Department of Nephrology, Xuanwu Hospital, Capital Medical University, National Clinical Research Center for Geriatric Diseases, Beijing, 100053, China.
Department of Cardiology, Xuanwu Hospital, Capital Medical University, National Clinical Research Center for Geriatric Diseases, Beijing, 100053, China.
BMC Cardiovasc Disord. 2020 Jan 30;20(1):40. doi: 10.1186/s12872-020-01326-2.
Endothelial dysfunction may play a key role in non-obstructive coronary artery atherosclerosis. Our study aimed to evaluate the vascular endothelial function and its influencing factors in patients with non-obstructive coronary artery atherosclerosis.
A total of 131 consecutive patients with non-obstructive coronary artery atherosclerosis were enrolled. Flow-mediated dilatation (FMD) was measured at baseline and 1-year follow-up. Endothelial progenitor cells (EPCs) were counted by staining the fasting venous blood with antibodies against CD34 and vascular endothelial growth factor receptor 2.
Systolic blood pressure, pulse pressure and the levels of HbA1c in participants with baseline FMD < 6% (n = 65) were significantly higher than those with baseline FMD ≥ 6% (n = 66). Baseline FMD was negatively associated with EPC counts (r = - 0.199, P < 0.05) and systolic blood pressure (r = - 0.315, P < 0.01). The 1-year FMD was significantly increased compared to the baseline FMD [(9.31 ± 5.62) % vs (7.31 ± 5.26) %, P < 0.001]. Independent predictors of FMD improvement included elevated EPC counts (OR = 1.104, 95% CI: 1.047-1.165, P < 0.001) and decreased levels of serum creatinine (OR = 0.915, 95% CI: 0.843-0.993, P = 0.034).

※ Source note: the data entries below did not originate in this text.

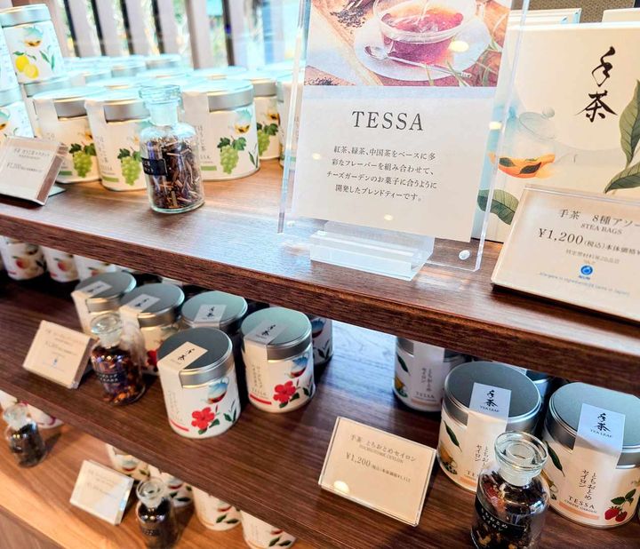 紅茶、緑茶、中国茶をベースにチーズガーデンのお菓子に合うようにブレンドしたお茶「手茶シリーズ」。柑橘香る「御用邸」、シナモン風味で那須高原をイメージした「那須の香り」、栃木産とちおとめをブレンドした「とちおとめセイロン」など8種類(各税込1,200円)。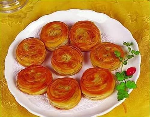 千層油酥餅是陜西漢族特色小吃。色澤金黃、層次鮮明、脆而不碎、油而不膩、香酥適口。相傳,油酥餅是由唐代的千層烙餅,經(jīng)歷代廚師不斷精心改進而成。經(jīng)制酥、和面、制餅、煎烤而成。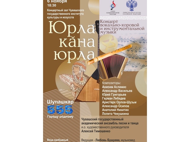 «Юрла кӑна, юрла» концерт программинче тӑван халӑхӑмӑр композиторӗсен хайлавӗсем пулӗҫ.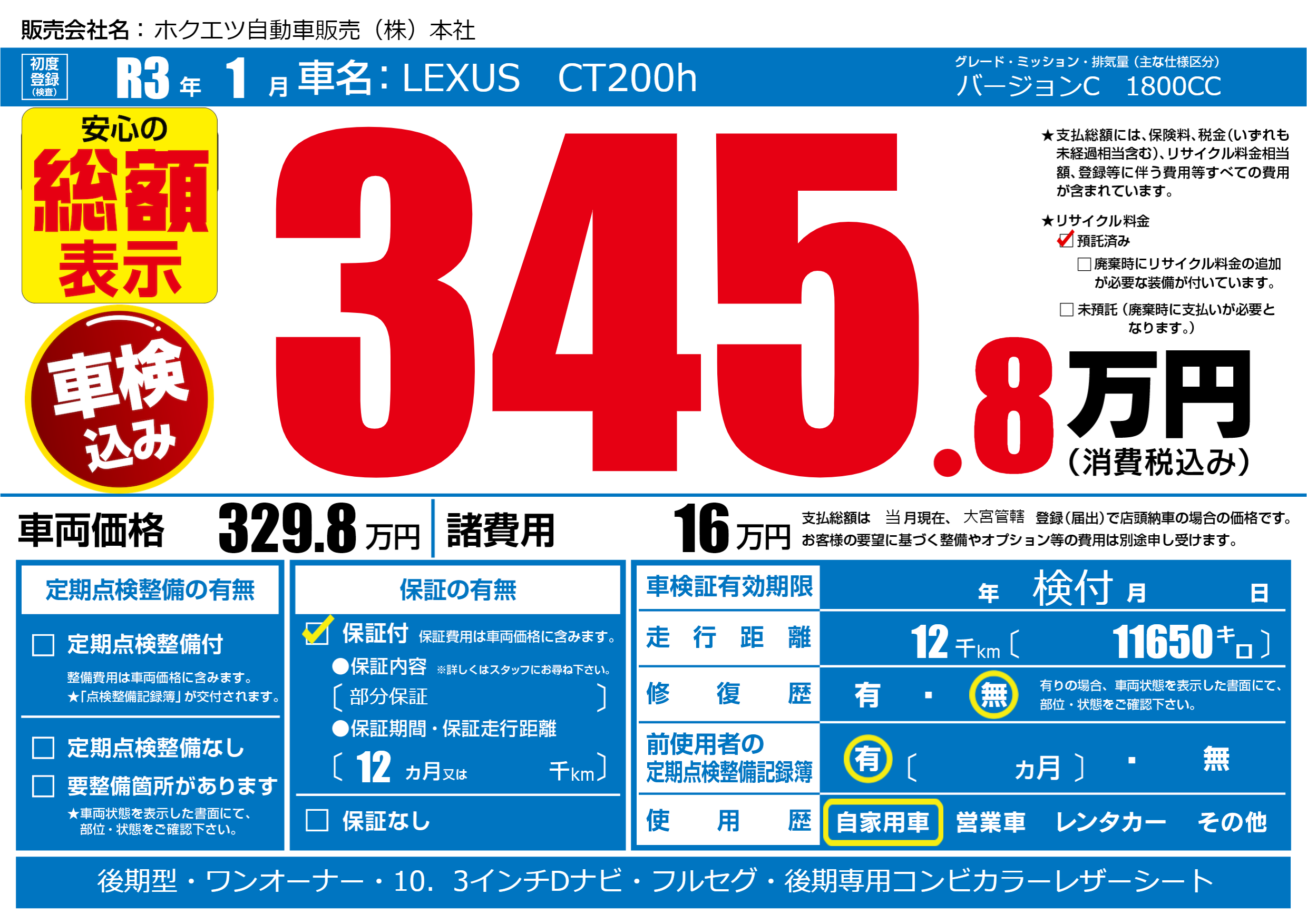 保証付き 保証内容(部分保証) 12ヶ月または()千kmまで |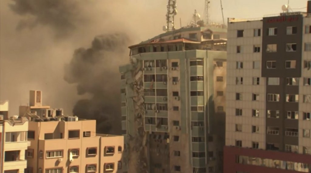 UZNEMIRUJUĆI SNIMAK IZ GAZE: Zgrada u kojoj su bili mediji pada kao kula od karata (FOTO/VIDEO)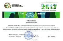 · Благодарственным письмом Министерства лесного хозяйства Республики Татарстан награждена директор МБОУ ДО «Дом детского творчества» Тихонова Зульфия Климовна за плодотворную работу совместно с государственным природным заказником «Спасский» по формированию интереса к проблеме охраны природы, расширению и систематизации знаний детей об окружающей среде.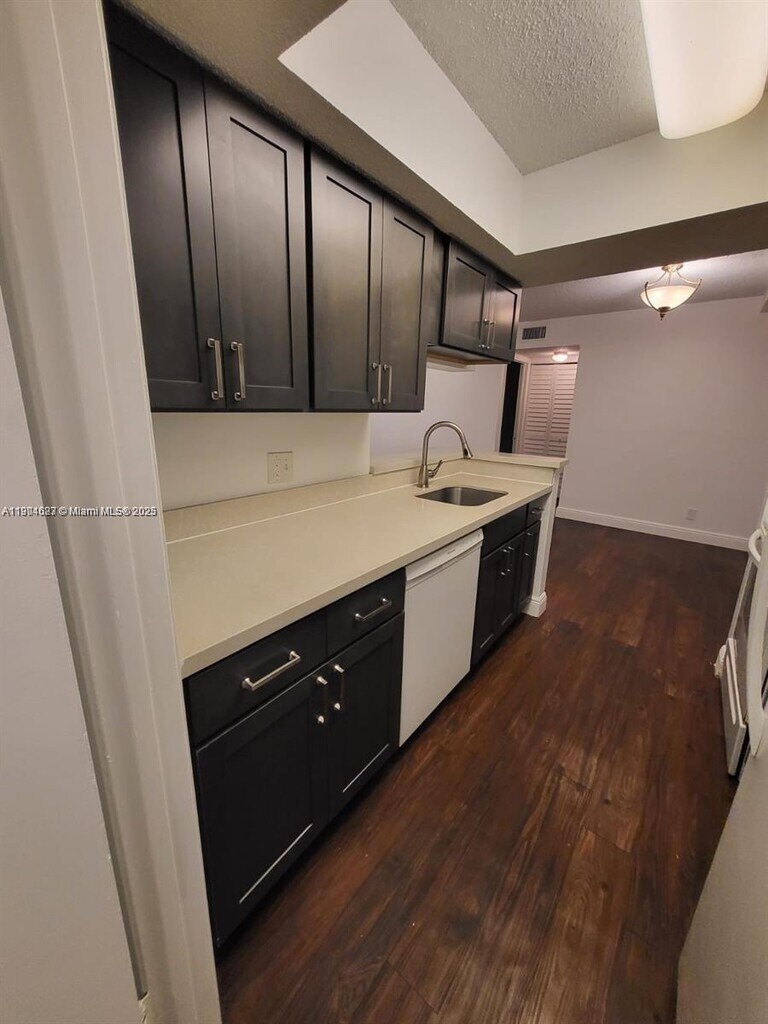 Move in ready second Floor two bedroom two bath. Large laundry room inside unit with washer and dryer. Wood floors throughout. Gated community with great amenities...pool, gym, tennis. . Quick move in , no association approval.

Family history of premature cardiovascular diseases, hypertension, elevated systolic pressure, and HbA1c > 6.5% are independent risk factors for endothelial dysfunction in non-obstructive atherosclerotic patients. Elevated peripheral blood EPC counts and decreased levels of serum creatinine are independent predictors of endothelial function improvement.
内皮功能障碍可能在非阻塞性冠状动脉粥样硬化中起关键作用。我们的研究旨在评估非阻塞性冠状动脉粥样硬化患者的血管内皮功能及其影响因素。
共纳入 131 例连续的非阻塞性冠状动脉粥样硬化患者。在基线和 1 年随访时测量血流介导的扩张(FMD)。通过用针对 CD34 和血管内皮生长因子受体 2 的抗体对空腹静脉血进行染色来计数内皮祖细胞(EPC)。
在基线 FMD<6%(n=65)的患者中,收缩压、脉压和 HbA1c 水平明显高于基线 FMD≥6%(n=66)的患者。基线 FMD 与 EPC 计数呈负相关(r=-0.199,P<0.05),与收缩压呈负相关(r=-0.315,P<0.01)。与基线 FMD 相比,1 年 FMD 显著增加[(9.31±5.62)%比(7.31±5.26)%,P<0.001]。FMD 改善的独立预测因素包括 EPC 计数升高(OR=1.104,95%CI:1.047-1.165,P<0.001)和血清肌酐水平降低(OR=0.915,95%CI:0.843-0.993,P=0.034)。
早发心血管疾病家族史、高血压、收缩压升高和 HbA1c>6.5%是非阻塞性动脉粥样硬化患者内皮功能障碍的独立危险因素。外周血 EPC 计数升高和血清肌酐水平降低是内皮功能改善的独立预测因素。